Fortunately, Revolution is promising multiple upcoming readouts and new study initiations for this year, as shown below:

Personally, I believe there is enough happening at Revolution to support a “hold” recommendation at this time. Some of the Phase 1 study data has been impressive, if not breakthrough, which has helped Revolution to maintain a high valuation despite having no late stage assets. If Revolution’s pivotal studies are initiated and are successful, a genuine shot at commercial approval within a couple of years from now may result.

Ultimately, after a period in which Revolution has done not much more than it has to do to – using its unique approach to drug development, and insights about ON-RAS targeting, to bring candidates into the clinic and generate first in-human data – the real tests are about to begin, and it would not be fair, in my view, to dismiss Revolution’s pipeline at this stage of development, without waiting to see what results are like.

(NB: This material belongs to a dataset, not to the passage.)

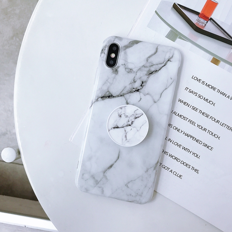 Funda para iPhone Xs Max Marble TPU Protection Contraportada con Soporte Plegable (Blanco)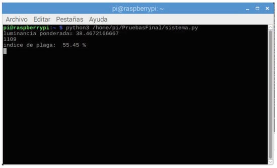 Finally, in this phase, the image is passed to a two-dimensional matrix to search for the white pixels representing the pest and calculate the crop’s pest affection factor. This factor is determined by scanning the image data matrix processed in the previous phase. The white pixel count indicates that approximately 2000 white pixels are 100% of the pest infestation on the plant, and 0% are the 0 pixels found. For example, Figure 7 shows a console printout of the data representing the processed images.

As such, if I were holding Revolution stock I’d be tempted to keep holding, so long as I was betting money I could afford to lose. Given Revolution is valued about the same as BMY valued Mirati when acquiring it for $5.8bn – a 52% premium to traded share price at the time – and given that Revolution has a broader portfolio of drugs, and has had the opportunity to learn from Mirati’s mistakes, and has plenty of cash, I can understand why it has kept hold of its substantial valuation.

Until we have later stage clinical data supporting an approval push, however, which ought to be value-accretive, even at a $6bn valuation, Revolution’s valuation has a “house of cards” feel about it that will likely put off risk-averse investors.